_YOUR GOAL_
In the data below, find the line with "Приправа Kotanyi для" and the line with "5、抽出旋轉吊座止動銷,旋轉", then restate both and every line between them exactly, minus the pictures.

_SUPPLIED MATERIAL_
------

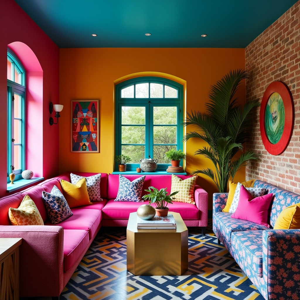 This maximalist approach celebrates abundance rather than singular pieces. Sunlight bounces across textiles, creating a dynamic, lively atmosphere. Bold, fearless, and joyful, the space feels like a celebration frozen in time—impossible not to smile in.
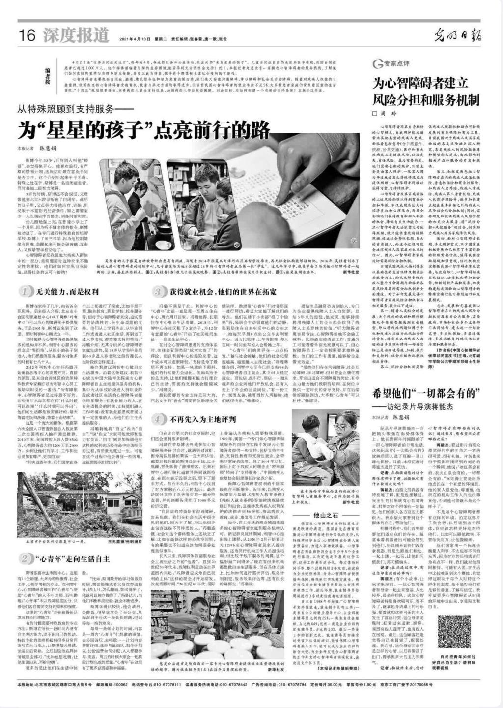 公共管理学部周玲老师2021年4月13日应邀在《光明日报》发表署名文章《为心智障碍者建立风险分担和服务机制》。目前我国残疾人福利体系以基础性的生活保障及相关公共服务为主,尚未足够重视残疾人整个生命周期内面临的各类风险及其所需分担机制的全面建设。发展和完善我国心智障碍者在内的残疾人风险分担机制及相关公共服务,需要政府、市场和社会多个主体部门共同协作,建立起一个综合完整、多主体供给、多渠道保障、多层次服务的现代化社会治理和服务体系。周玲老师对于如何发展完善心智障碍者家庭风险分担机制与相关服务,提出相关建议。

------

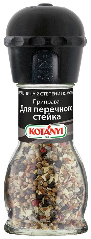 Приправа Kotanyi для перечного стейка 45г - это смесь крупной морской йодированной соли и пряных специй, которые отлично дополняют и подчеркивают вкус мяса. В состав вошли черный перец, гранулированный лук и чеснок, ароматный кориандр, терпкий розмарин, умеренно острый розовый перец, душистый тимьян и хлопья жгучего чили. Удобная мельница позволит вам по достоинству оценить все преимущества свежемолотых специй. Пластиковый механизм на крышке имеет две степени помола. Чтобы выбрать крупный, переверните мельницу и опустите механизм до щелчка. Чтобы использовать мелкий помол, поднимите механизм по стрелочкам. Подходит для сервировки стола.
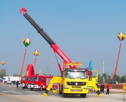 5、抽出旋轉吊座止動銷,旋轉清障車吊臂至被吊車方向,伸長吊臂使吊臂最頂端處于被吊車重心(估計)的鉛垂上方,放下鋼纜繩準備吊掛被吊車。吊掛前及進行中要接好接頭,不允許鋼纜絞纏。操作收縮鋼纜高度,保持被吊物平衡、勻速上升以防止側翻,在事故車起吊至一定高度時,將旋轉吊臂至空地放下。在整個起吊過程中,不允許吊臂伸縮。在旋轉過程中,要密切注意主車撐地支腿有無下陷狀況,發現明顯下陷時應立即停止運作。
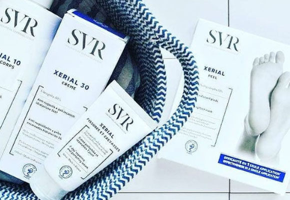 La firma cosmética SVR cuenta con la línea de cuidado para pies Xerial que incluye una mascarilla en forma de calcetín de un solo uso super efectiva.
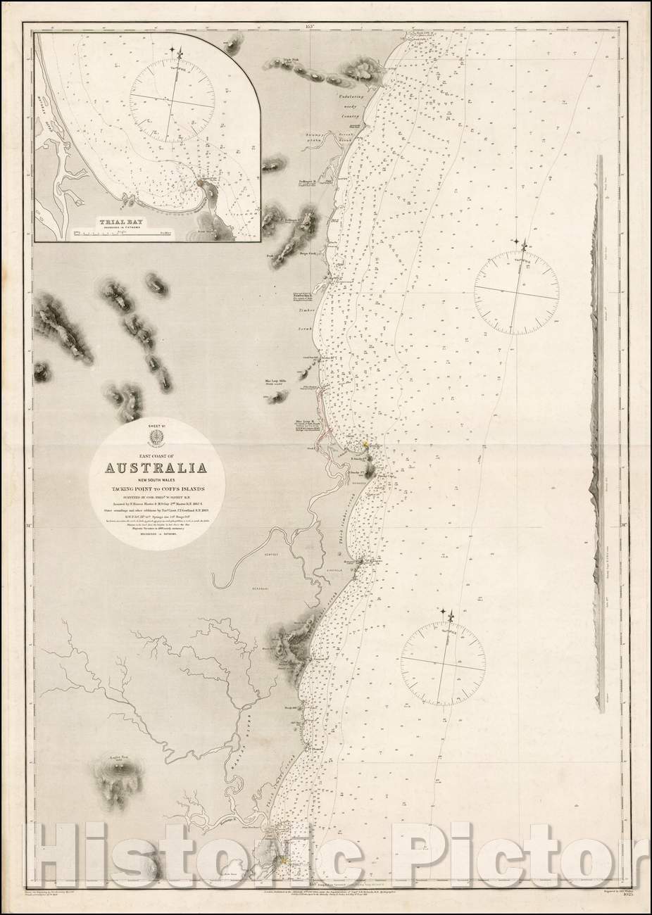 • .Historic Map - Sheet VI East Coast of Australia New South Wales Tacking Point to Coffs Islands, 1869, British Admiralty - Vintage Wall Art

------

_ANSWER_
 Приправа Kotanyi для перечного стейка 45г - это смесь крупной морской йодированной соли и пряных специй, которые отлично дополняют и подчеркивают вкус мяса. В состав вошли черный перец, гранулированный лук и чеснок, ароматный кориандр, терпкий розмарин, умеренно острый розовый перец, душистый тимьян и хлопья жгучего чили. Удобная мельница позволит вам по достоинству оценить все преимущества свежемолотых специй. Пластиковый механизм на крышке имеет две степени помола. Чтобы выбрать крупный, переверните мельницу и опустите механизм до щелчка. Чтобы использовать мелкий помол, поднимите механизм по стрелочкам. Подходит для сервировки стола.
 5、抽出旋轉吊座止動銷,旋轉清障車吊臂至被吊車方向,伸長吊臂使吊臂最頂端處于被吊車重心(估計)的鉛垂上方,放下鋼纜繩準備吊掛被吊車。吊掛前及進行中要接好接頭,不允許鋼纜絞纏。操作收縮鋼纜高度,保持被吊物平衡、勻速上升以防止側翻,在事故車起吊至一定高度時,將旋轉吊臂至空地放下。在整個起吊過程中,不允許吊臂伸縮。在旋轉過程中,要密切注意主車撐地支腿有無下陷狀況,發現明顯下陷時應立即停止運作。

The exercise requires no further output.